Bulgaria has witnessed a dramatic transformation since the fall of communism, in particular since the country's economy and currency collapsed in 1996. Then, an ambitious new prime minister, Ivan Kostov, declared EU accession "within a decade" as Bulgaria's national goal. While his statement earned many smiles in 1997, Bulgaria actually joined in 2007. Despite widespread allegations of massive corruption and an ineffective justice system, as a young EU member Bulgaria has continued catching up with the richer EU member states, reaching 47 per cent of the average GDP per capita of the EU-28, up from 32 per cent in 2000 (measured in purchasing power parity). Public debt is lower than in any other EU country except Estonia. Yet, Bulgaria is still the poorest EU country and dissatisfaction among the population is high.
A study conducted at the occasion of the 25 year anniversary of the fall of communism found that barely half of the respondents know that Yugoslavia, Romania and Albania belonged to the communist block. 57 per cent say they do not know Georgi Markov, Bulgaria's most prominent dissident. 79 per cent of the 16-30 year olds say that they are "not at all familiar" with the communist period. This should not come as a surprise. Pupils learn nothing about the communist period at school. There is only one museum in Bulgaria dealing with the communist past, the Museum of Socialist Art in Sofia. The conference offered a platform for discussion how to address this lack of knowledge about the recent past.
But this phenomenon has also implications for the present. Against this background, the current socio-economic difficulties often lead to an idealisation of the communist times (even by those who know little about them). According to the study, 43 per cent of Bulgarians now consider Bulgaria's development under communism as "rather successful". Only 14 per cent claim it was "rather unsuccessful" (the remainder says "neither nor" or "cannot say). Addressing the past seems imperative to get to a clearer picture about the present.

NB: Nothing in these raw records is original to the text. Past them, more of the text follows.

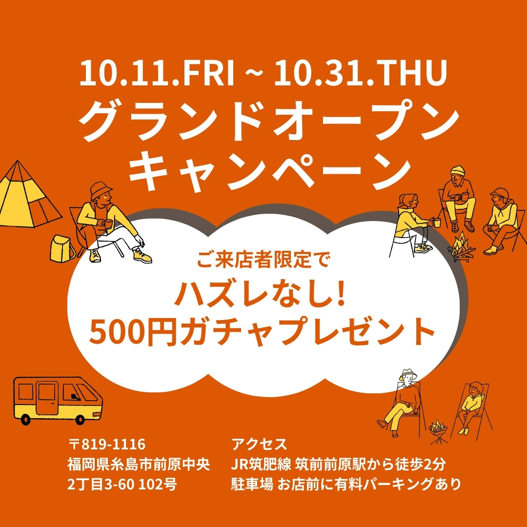 アウトドアブランドの展示場グランドオープンの告知バナー iyou OVERVIEW SNS販促 YEAR 2024 アウトドアプランドの糸島展示場オープンに用いるSNS広告を制作しました。(LINE、X、Instagram、自社サイトに掲載)
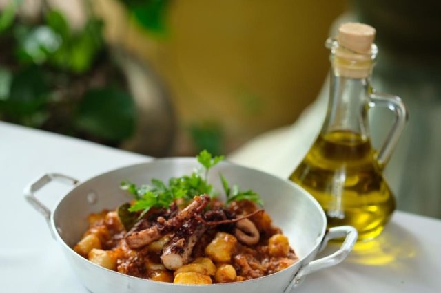 Nhoque de batata ao ragu de polvo e camarões
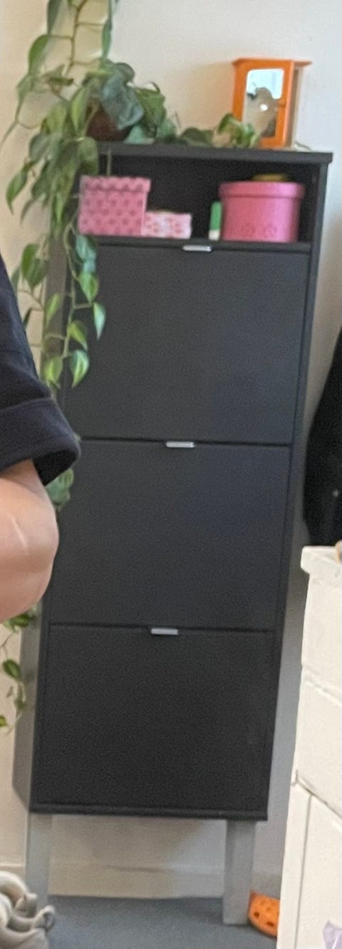 Sort skoskab med pyntehylder
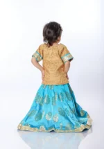 Buy online Kids Lehenga Fancy Dress Costume for girls. This dress includes a lehenga with choli. Your little kids looking is very pretty. This Costume whole dress is essentially Firozi in color with golden decorative laces. This costume wear for stage shows, school functions, and wedding party and family functions.
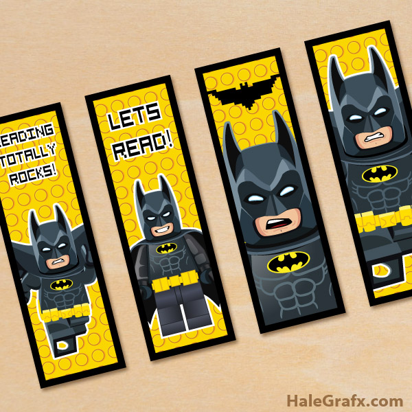 Read with the caped crusader! Here are Free printable LEGO Batman bookmarks. These work great to encourage kids to read and also giveaway as party favors at a LEGO or Batman themed party. This LEGO printable is in PDF format and prints 4 Batman bookmarks to a sheet. The bookmarks include different Batman minifigure poses and faces. Two of the bookmarks have text; one says “Reading Totally Rocks” and the other says “Let’s Read”.

Kristof spoke on a panel on "Unfinished Business in the Heart of Europe: Western Balkans", presenting ESI's assessment of the state of EU enlargement in South Eastern Europe. Other speakers on the panel were Aleksandar Pejovic, Montenegrin Chief Negotiator and State Secretary in the Ministry of Foreign Affairs, former Slovenian Foreign Minister Dimitrij Rupel and Vedran Dzihic, Fellow at the Center for Transatlantic Relations at the School of Advanced International Studies of Johns Hopkins University. The panel was chaired by Tim Judah.